Problem statement
For this exercise, output the entries below exactly from the line that holds "단, 위와 같이 행과" to the line that holds "- Q: What items", both ends included. No pictures belong in the copy.

Source material
★ ★ ★ ★

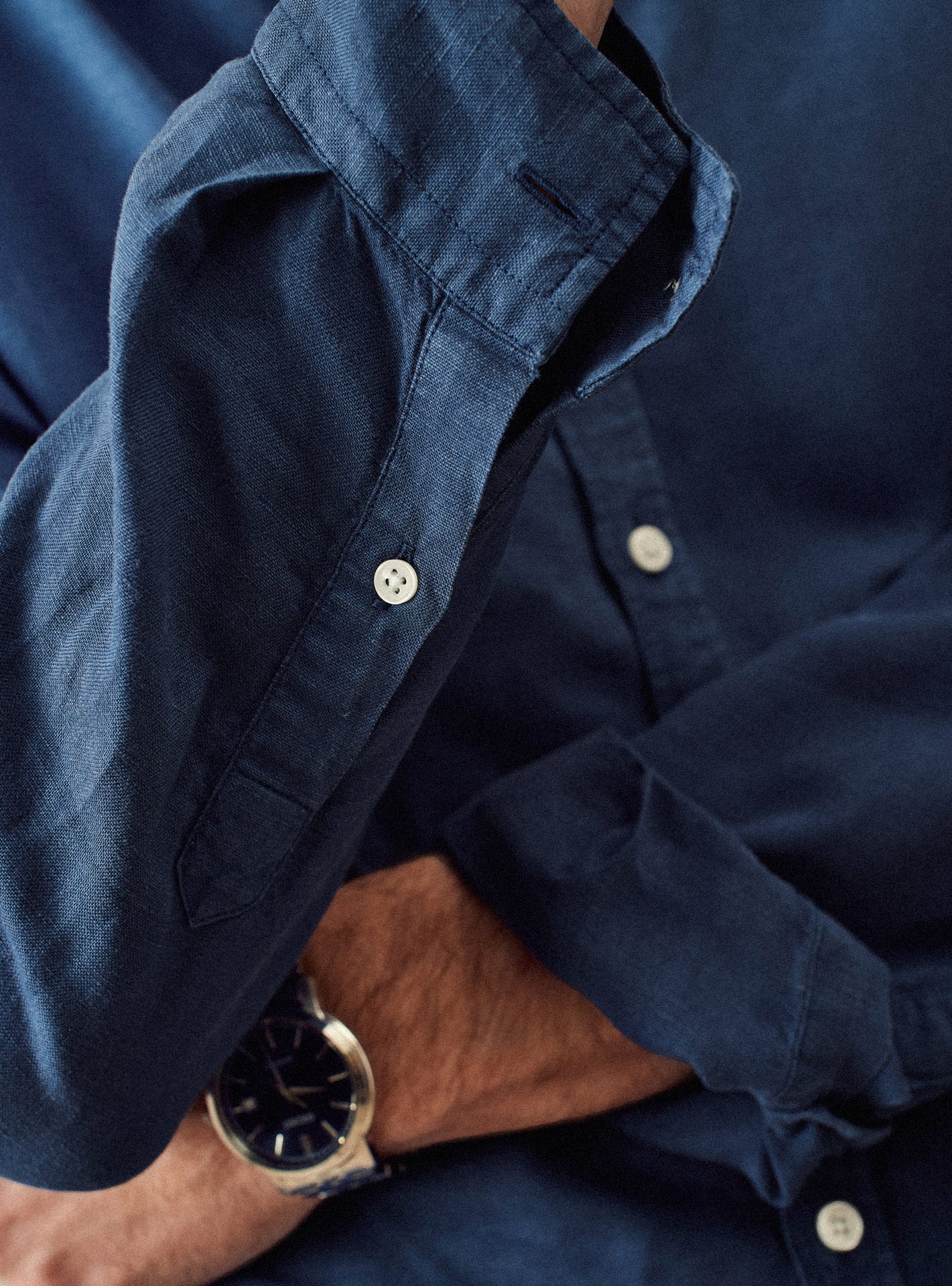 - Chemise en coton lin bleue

★ ★ ★ ★

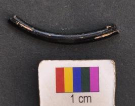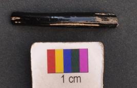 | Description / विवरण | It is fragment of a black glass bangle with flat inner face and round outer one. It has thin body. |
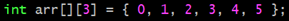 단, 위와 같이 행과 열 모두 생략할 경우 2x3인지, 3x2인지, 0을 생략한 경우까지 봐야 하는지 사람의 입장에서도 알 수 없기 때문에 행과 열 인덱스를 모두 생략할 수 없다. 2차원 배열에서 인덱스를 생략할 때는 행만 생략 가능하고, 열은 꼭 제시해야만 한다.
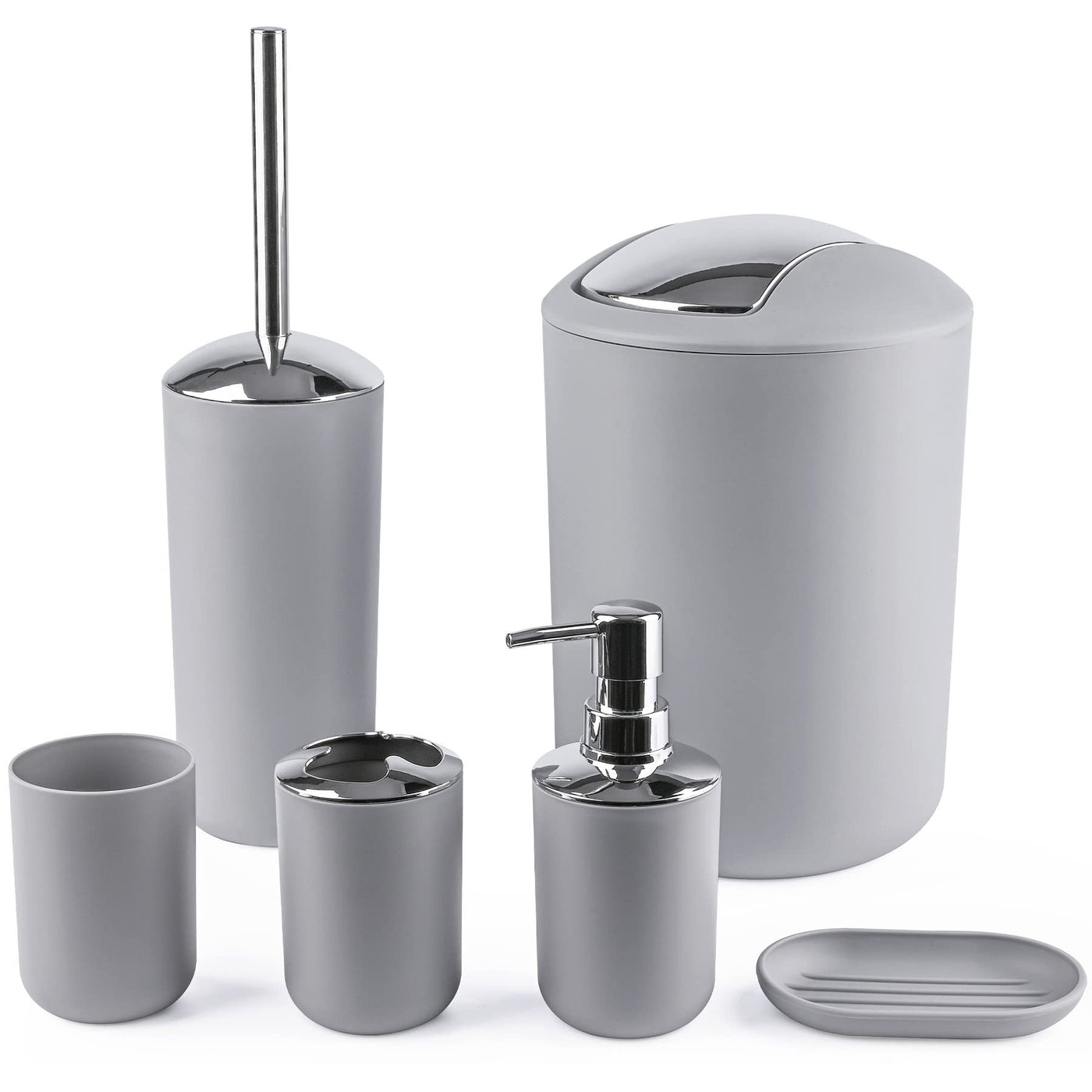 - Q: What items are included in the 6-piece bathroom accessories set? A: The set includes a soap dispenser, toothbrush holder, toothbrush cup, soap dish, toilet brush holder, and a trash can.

★ ★ ★ ★

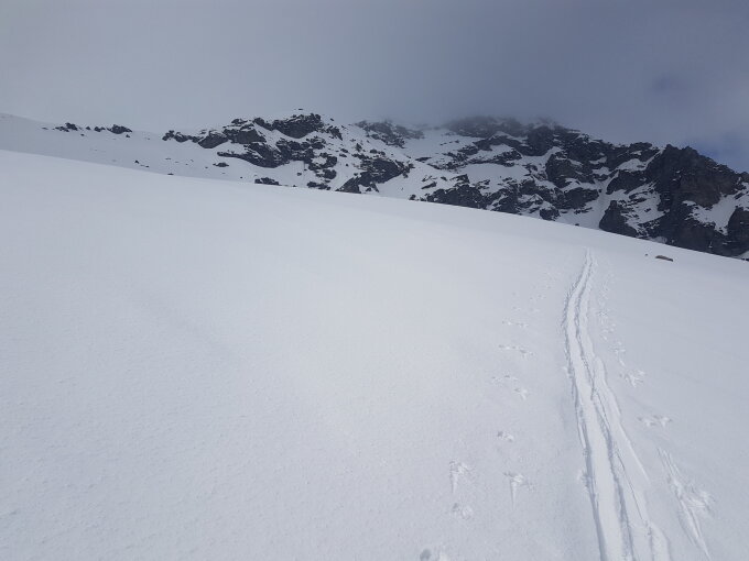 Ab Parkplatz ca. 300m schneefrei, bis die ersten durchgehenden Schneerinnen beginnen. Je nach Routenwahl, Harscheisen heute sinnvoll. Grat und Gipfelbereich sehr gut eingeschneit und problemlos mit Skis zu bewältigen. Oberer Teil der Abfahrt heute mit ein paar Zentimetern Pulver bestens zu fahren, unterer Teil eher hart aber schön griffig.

★ ★ ★ ★

Expected answer
 단, 위와 같이 행과 열 모두 생략할 경우 2x3인지, 3x2인지, 0을 생략한 경우까지 봐야 하는지 사람의 입장에서도 알 수 없기 때문에 행과 열 인덱스를 모두 생략할 수 없다. 2차원 배열에서 인덱스를 생략할 때는 행만 생략 가능하고, 열은 꼭 제시해야만 한다.
 - Q: What items are included in the 6-piece bathroom accessories set? A: The set includes a soap dispenser, toothbrush holder, toothbrush cup, soap dish, toilet brush holder, and a trash can.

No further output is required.